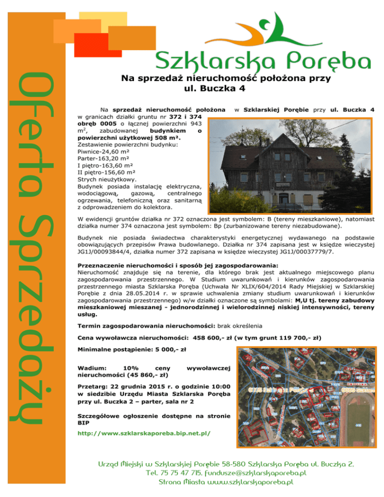 Oferta Sprzedaży Na sprzedaż nieruchomość położona przy ul. Buczka 4 Na sprzedaż nieruchomość położona w granicach działki gruntu nr 372 i 374 obręb 0005 o łącznej powierzchni 943 m2 , zabudowanej budynkiem o powierzchni użytkowej 508 m². Zestawienie powierzchni budynku: Piwnice-24,60 m² Parter-163,20 m² I piętro-163,60 m² II piętro-156,60 m² Strych nieużytkowy. Budynek posiada instalację elektryczna, wodociągową, gazową, centralnego ogrzewania, telefoniczną oraz sanitarną z odprowadzeniem do kolektora. w Szklarskiej Porębie przy ul. Buczka 4 W ewidencji gruntów działka nr 372 oznaczona jest symbolem: B (tereny mieszkaniowe), natomiast działka numer 374 oznaczona jest symbolem: Bp (zurbanizowane tereny niezabudowane). Budynek nie posiada świadectwa charakterystyki energetycznej wydawanego na podstawie obowiązujących przepisów Prawa budowlanego. Działka nr 374 zapisana jest w księdze wieczystej JG1J/00093844/4, działka numer 372 zapisana w księdze wieczystej JG1J/00037779/7. Przeznaczenie nieruchomości i sposób jej zagospodarowania: Nieruchomość znajduje się na terenie, dla którego brak jest aktualnego miejscowego planu zagospodarowania przestrzennego. W Studium uwarunkowań i kierunków zagospodarowania przestrzennego miasta Szklarska Poręba (Uchwała Nr XLIX/604/2014 Rady Miejskiej w Szklarskiej Porębie z dnia 28.05.2014 r. w sprawie uchwalenia zmiany studium uwarunkowań i kierunków zagospodarowania przestrzennego) w/w działki oznaczone są symbolami: M,U tj. tereny zabudowy mieszkaniowej mieszanej - jednorodzinnej i wielorodzinnej niskiej intensywności, tereny usług. Termin zagospodarowania nieruchomości: brak określenia Cena wywoławcza nieruchomości: 458 600,- zł (w tym grunt 119 700,- zł) Minimalne postąpienie: 5 000,- zł Wadium: 10% ceny nieruchomości (45 860,- zł) wywoławczej Przetarg: 22 grudnia 2015 r. o godzinie 10:00 w siedzibie Urzędu Miasta Szklarska Poręba przy ul. Buczka 2 – parter, sala nr 2 Szczegółowe ogłoszenie dostępne na stronie BIP http://www.szklarskaporeba.bip.net.pl/ Urząd Miejski w Szklarskiej Porębie 58-580 Szklarska Poręba ul. Buczka 2, Tel. 75 75 47 715, [email protected] Strona Miasta www.szklarskaporeba.pl
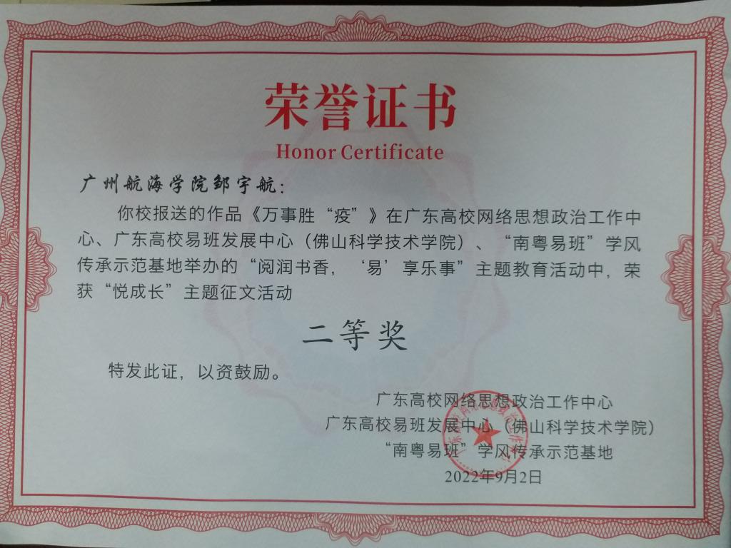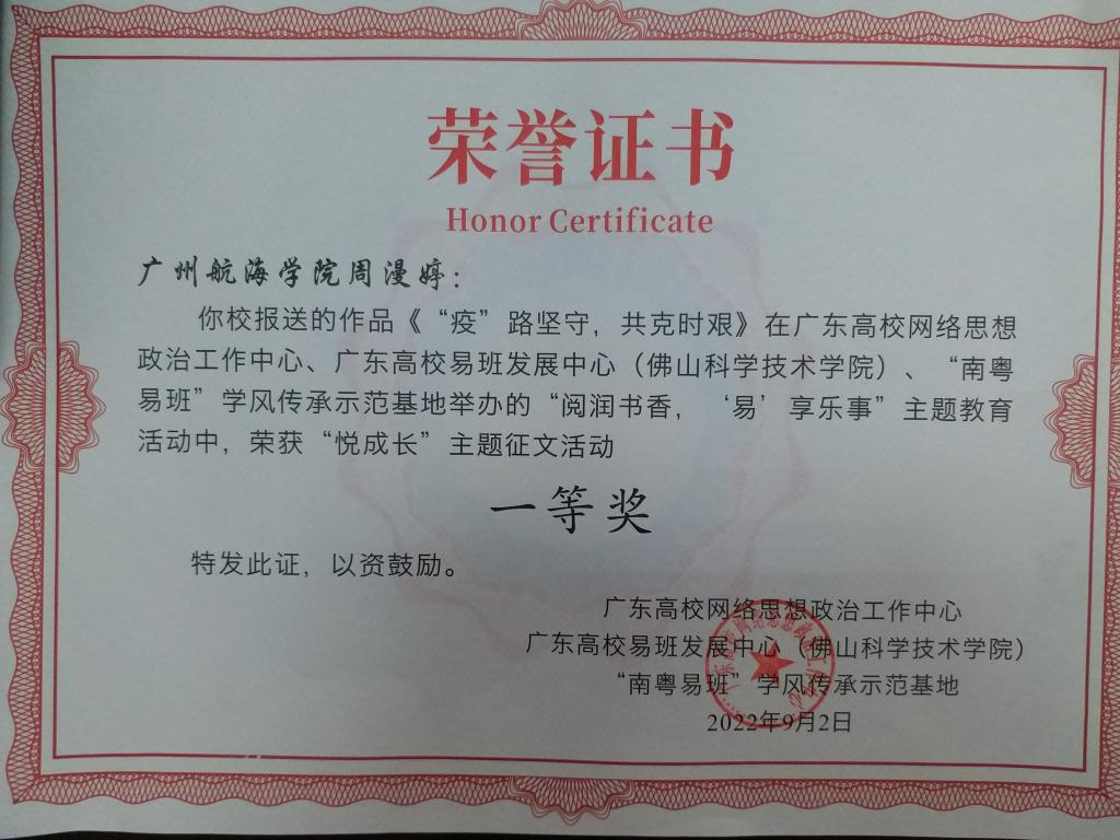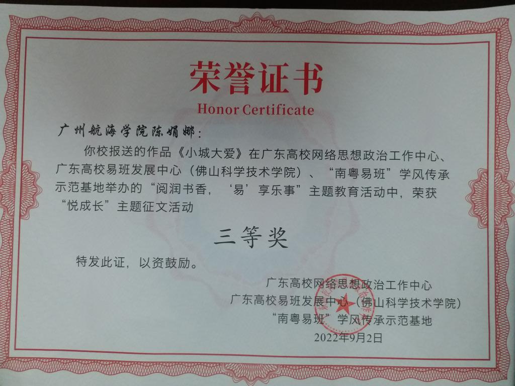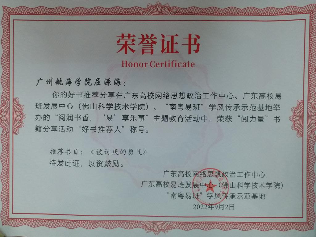 (学工处 供稿)近日,由广东高校网络思想政治工作中心、广东高校易班发展中心(佛山科学技术学院)、“南粤易班”学风传承示范基地联合举办的“阅润书香,‘易’享乐事”主题教育活动结果公布,共评选出“阅力量”书籍精彩评论30条;“悦成长”主题征文作品一等奖8项,二等奖11项,三等奖14项。经贸学院周漫婷的作品《‘疫’路坚守,共克时艰》获主题征文一等奖,船海学院邹宇航的作品《万事胜“疫”》获主题征文二等奖,经贸学院陈娟娜的作品《小城大爱》获主题征文三等奖,土木工程学院屈原海同学凭借推荐《被讨厌的勇气》一书,获“阅力量”书籍分享活动“好书推荐人”称号。
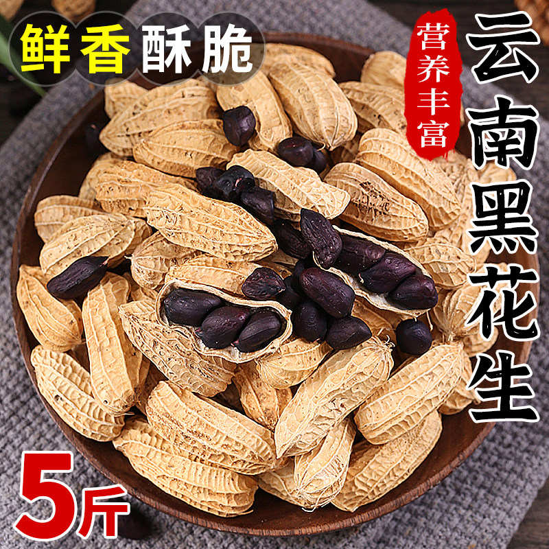 2022新货云南黑花生5斤装新鲜蔬菜农家特产带壳富硒黑皮花生包邮
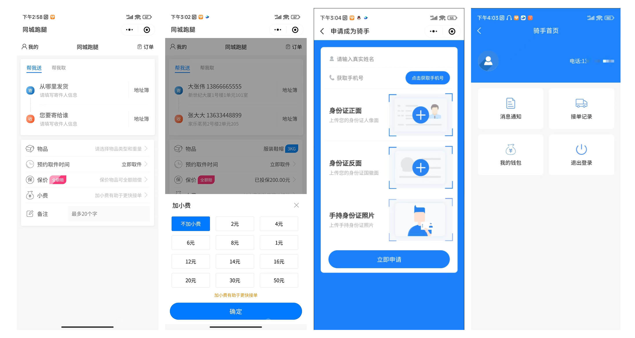 這款同城跑腿小程序包含用戶端、騎手端和運營后臺,支持幫取、幫送等多種模式,具備以下功能特性:
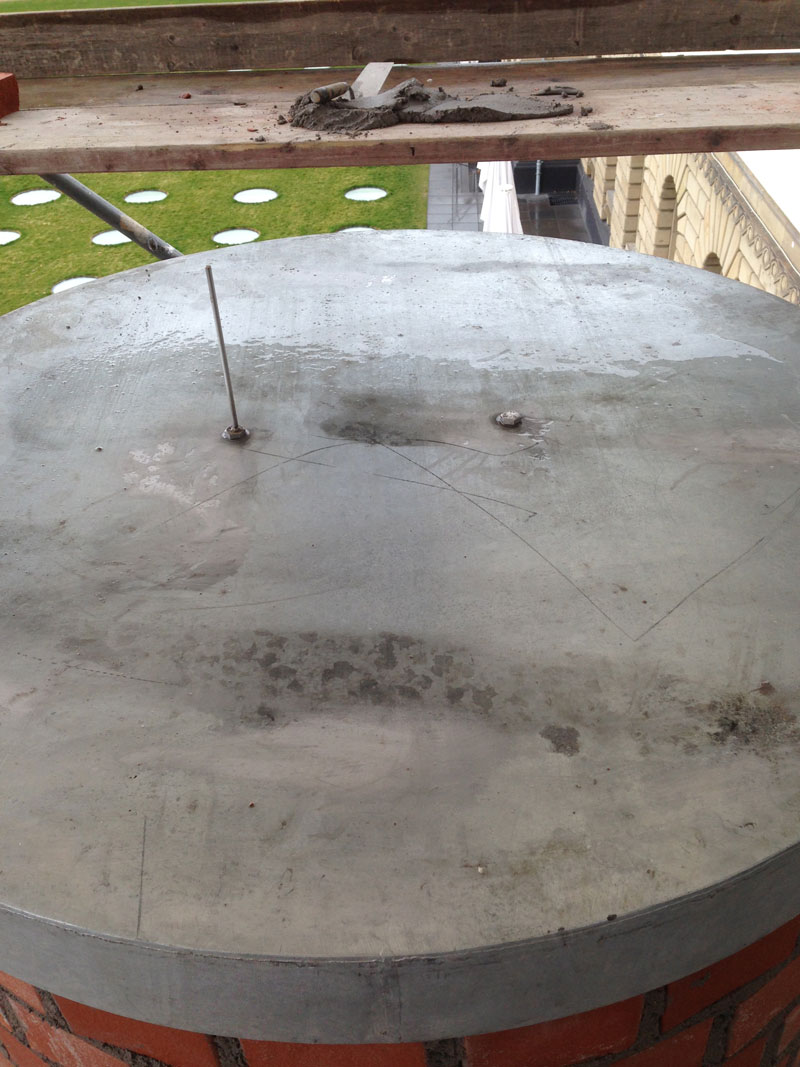 The lightning conductor on top of "First Chimney II", Städelmuseum, Frankfurt, mid-afternoon April 10, 2013.
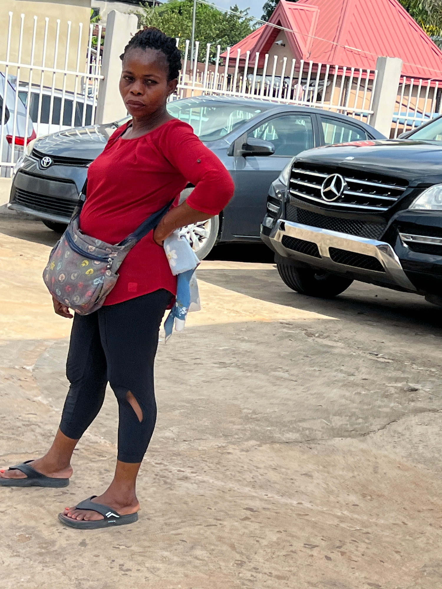The image, originally rotated, depicts a woman standing outdoors in bright daylight. She faces the camera with a neutral expression, wearing a red short-sleeved top and black leggings with cut-outs at…read more
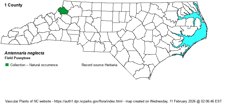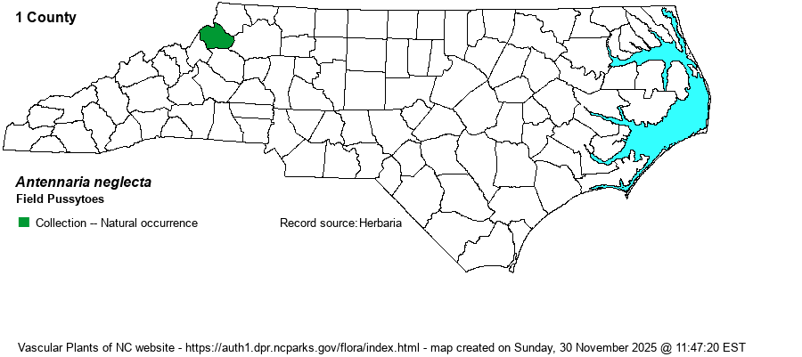 | Identification | The species looks very similar to Howell's Pussytoes (A. howellii) and is separated by technical characters. This species has: "Middle and upper cauline leaves tipped with flags; mature basal leaves glabrous, young basal leaves pubescent, glabrescent with age; species sexual, populations consisting of both pistillate and staminate plants" (Weakley 2024), versus A. howellii having "Middle and upper cauline leaves blunt or with subulate tips (only those leaves immediately around the corymb with flags); mature and young basal leaves pubescent; species apomictic, populations consisting of pistillate plants only" (Weakley 2024). Thus, look for single-veined basal leaves that are glabrous (when mature), versus leaves that are pubescent in A. howellii. | |

=-=-=

## [TASK TO CARRY OUT]
Leaving the pictures out, reproduce the entries above exactly.

## [REPLY]
 Oferta Sprzedaży Na sprzedaż nieruchomość położona przy ul. Buczka 4 Na sprzedaż nieruchomość położona w granicach działki gruntu nr 372 i 374 obręb 0005 o łącznej powierzchni 943 m2 , zabudowanej budynkiem o powierzchni użytkowej 508 m². Zestawienie powierzchni budynku: Piwnice-24,60 m² Parter-163,20 m² I piętro-163,60 m² II piętro-156,60 m² Strych nieużytkowy. Budynek posiada instalację elektryczna, wodociągową, gazową, centralnego ogrzewania, telefoniczną oraz sanitarną z odprowadzeniem do kolektora. w Szklarskiej Porębie przy ul. Buczka 4 W ewidencji gruntów działka nr 372 oznaczona jest symbolem: B (tereny mieszkaniowe), natomiast działka numer 374 oznaczona jest symbolem: Bp (zurbanizowane tereny niezabudowane). Budynek nie posiada świadectwa charakterystyki energetycznej wydawanego na podstawie obowiązujących przepisów Prawa budowlanego. Działka nr 374 zapisana jest w księdze wieczystej JG1J/00093844/4, działka numer 372 zapisana w księdze wieczystej JG1J/00037779/7. Przeznaczenie nieruchomości i sposób jej zagospodarowania: Nieruchomość znajduje się na terenie, dla którego brak jest aktualnego miejscowego planu zagospodarowania przestrzennego. W Studium uwarunkowań i kierunków zagospodarowania przestrzennego miasta Szklarska Poręba (Uchwała Nr XLIX/604/2014 Rady Miejskiej w Szklarskiej Porębie z dnia 28.05.2014 r. w sprawie uchwalenia zmiany studium uwarunkowań i kierunków zagospodarowania przestrzennego) w/w działki oznaczone są symbolami: M,U tj. tereny zabudowy mieszkaniowej mieszanej - jednorodzinnej i wielorodzinnej niskiej intensywności, tereny usług. Termin zagospodarowania nieruchomości: brak określenia Cena wywoławcza nieruchomości: 458 600,- zł (w tym grunt 119 700,- zł) Minimalne postąpienie: 5 000,- zł Wadium: 10% ceny nieruchomości (45 860,- zł) wywoławczej Przetarg: 22 grudnia 2015 r. o godzinie 10:00 w siedzibie Urzędu Miasta Szklarska Poręba przy ul. Buczka 2 – parter, sala nr 2 Szczegółowe ogłoszenie dostępne na stronie BIP http://www.szklarskaporeba.bip.net.pl/ Urząd Miejski w Szklarskiej Porębie 58-580 Szklarska Poręba ul. Buczka 2, Tel. 75 75 47 715, [email protected] Strona Miasta www.szklarskaporeba.pl
 (学工处 供稿)近日,由广东高校网络思想政治工作中心、广东高校易班发展中心(佛山科学技术学院)、“南粤易班”学风传承示范基地联合举办的“阅润书香,‘易’享乐事”主题教育活动结果公布,共评选出“阅力量”书籍精彩评论30条;“悦成长”主题征文作品一等奖8项,二等奖11项,三等奖14项。经贸学院周漫婷的作品《‘疫’路坚守,共克时艰》获主题征文一等奖,船海学院邹宇航的作品《万事胜“疫”》获主题征文二等奖,经贸学院陈娟娜的作品《小城大爱》获主题征文三等奖,土木工程学院屈原海同学凭借推荐《被讨厌的勇气》一书,获“阅力量”书籍分享活动“好书推荐人”称号。
 2022新货云南黑花生5斤装新鲜蔬菜农家特产带壳富硒黑皮花生包邮
 這款同城跑腿小程序包含用戶端、騎手端和運營后臺,支持幫取、幫送等多種模式,具備以下功能特性:
 The lightning conductor on top of "First Chimney II", Städelmuseum, Frankfurt, mid-afternoon April 10, 2013.
The image, originally rotated, depicts a woman standing outdoors in bright daylight. She faces the camera with a neutral expression, wearing a red short-sleeved top and black leggings with cut-outs at…read more
 | Identification | The species looks very similar to Howell's Pussytoes (A. howellii) and is separated by technical characters. This species has: "Middle and upper cauline leaves tipped with flags; mature basal leaves glabrous, young basal leaves pubescent, glabrescent with age; species sexual, populations consisting of both pistillate and staminate plants" (Weakley 2024), versus A. howellii having "Middle and upper cauline leaves blunt or with subulate tips (only those leaves immediately around the corymb with flags); mature and young basal leaves pubescent; species apomictic, populations consisting of pistillate plants only" (Weakley 2024). Thus, look for single-veined basal leaves that are glabrous (when mature), versus leaves that are pubescent in A. howellii. | |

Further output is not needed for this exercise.